Federal Home Mortgage Corp. v. Commissioner
United States Tax Court
125 T.C. 248 (2005)
The Federal Home Mortgage Corporation (the corporation) (plaintiff) purchased residential mortgages. The corporation offered a prior-approval program, through which it would buy prior-approval mortgage contracts from originators. The corporation charged a fee to offer to purchase a prior-approval mortgage contract. The originators then had 60 days to accept the purchase contract (the 60-day period). If the originator accepted the purchase contract, it was charged a 2 percent commitment fee. If the originator delivered the mortgage to the corporation, 1.5 percent of the commitment fee would be refunded to the originator. The remaining 0.5 percent portion of the commitment fee was nonrefundable. Between 1985 and 1991, the corporation treated the 0.5 percent commitment fee as an option premium for tax purposes. If the originator delivered the mortgage to the corporation, the corporation would deduct the 0.5 percent commitment fee from the cost of the mortgage.
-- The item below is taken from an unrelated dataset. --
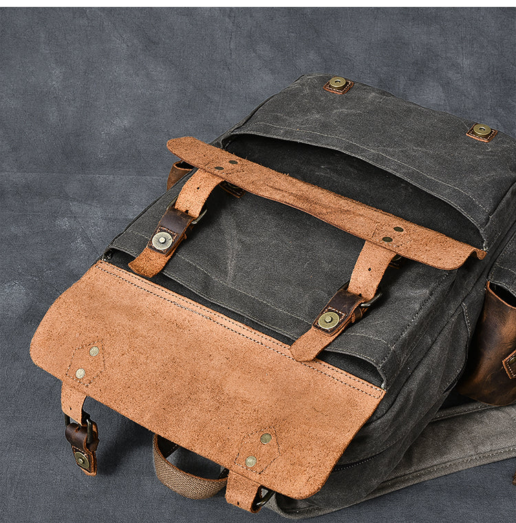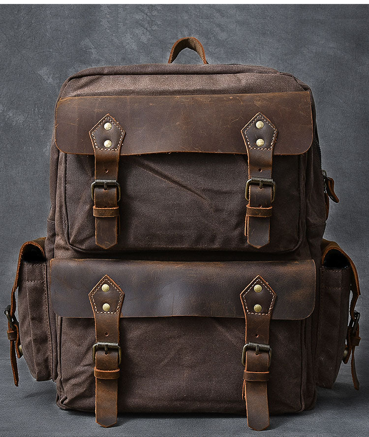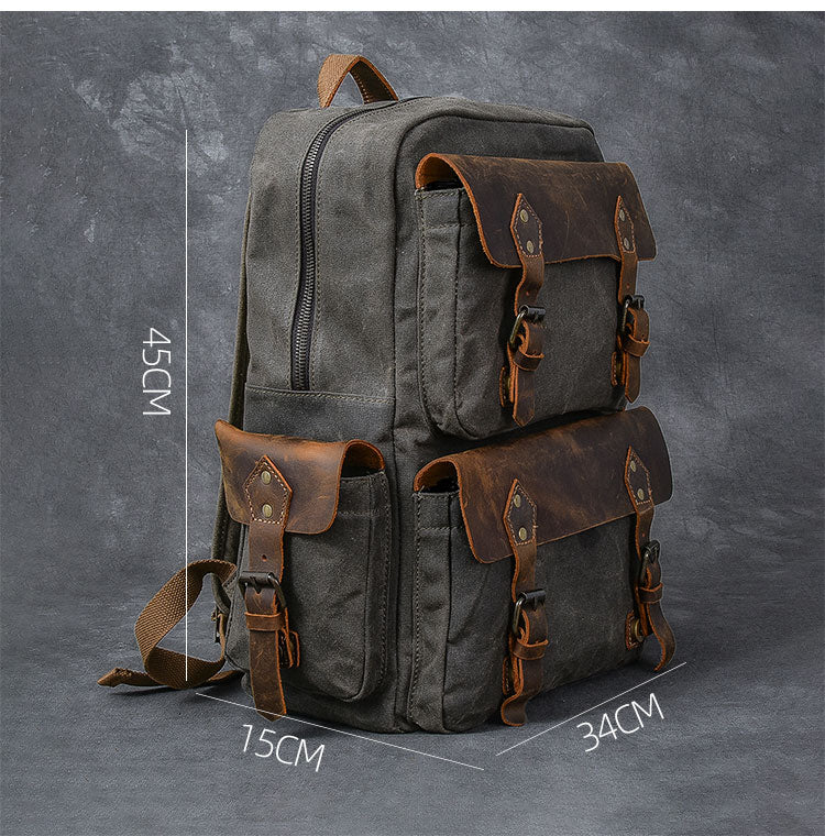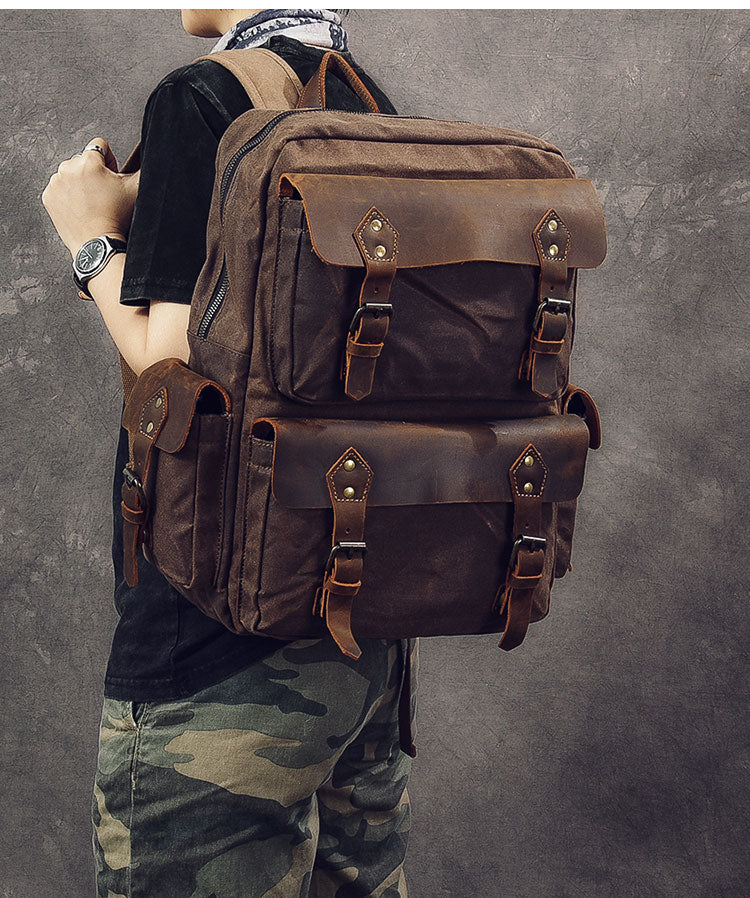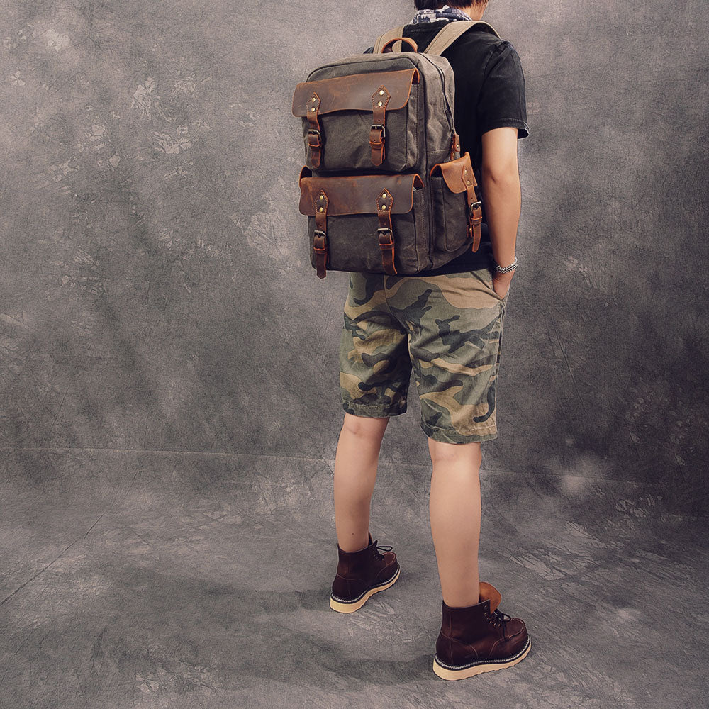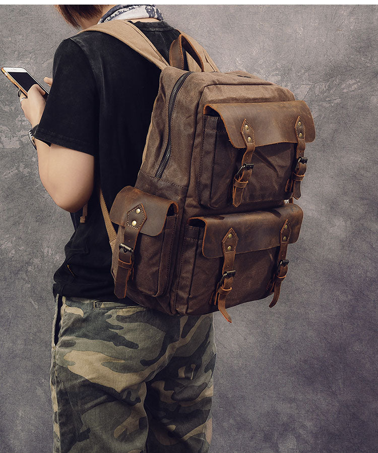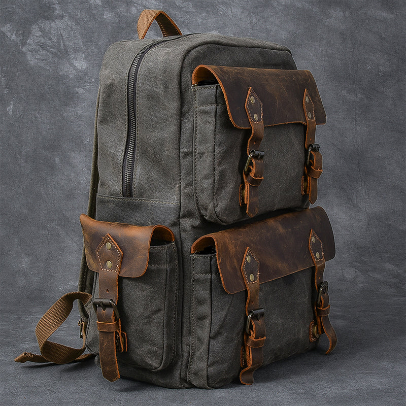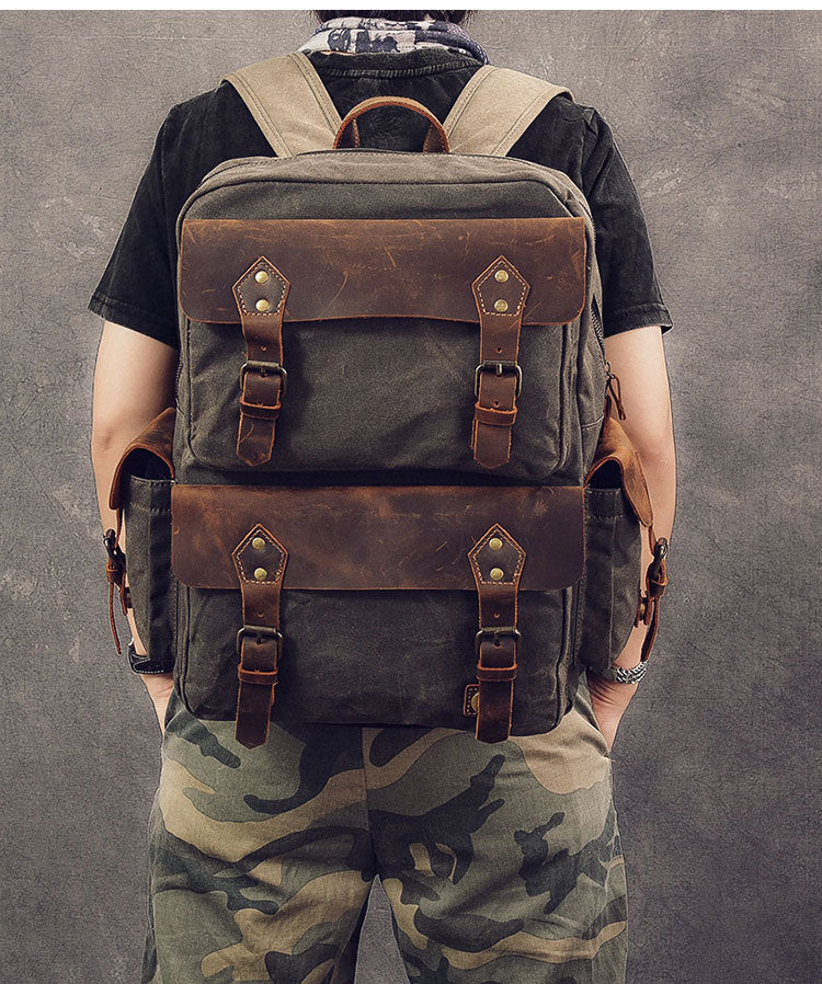 Style: Waxed Canvas Leather Mens 15" Laptop Backpack Army Green Travel Backpack College Backpack for Men

If the originator did not deliver the mortgage to the corporation, the corporation would recognize the fee as taxable income for the year in which the 60-day period ended. The Commissioner of Internal Revenue (the Commissioner) (defendant) determined a deficiency against the corporation related to the 0.5 percent commitment fees. The Commissioner argued that the fees were not option premiums, as their full amount was determinable upon receipt and the corporation had a fixed right to receive them. The Commissioner argued that the corporation was required to recognize all the fees as income in the year they were received. The corporation petitioned the United States Tax Court for a redetermination.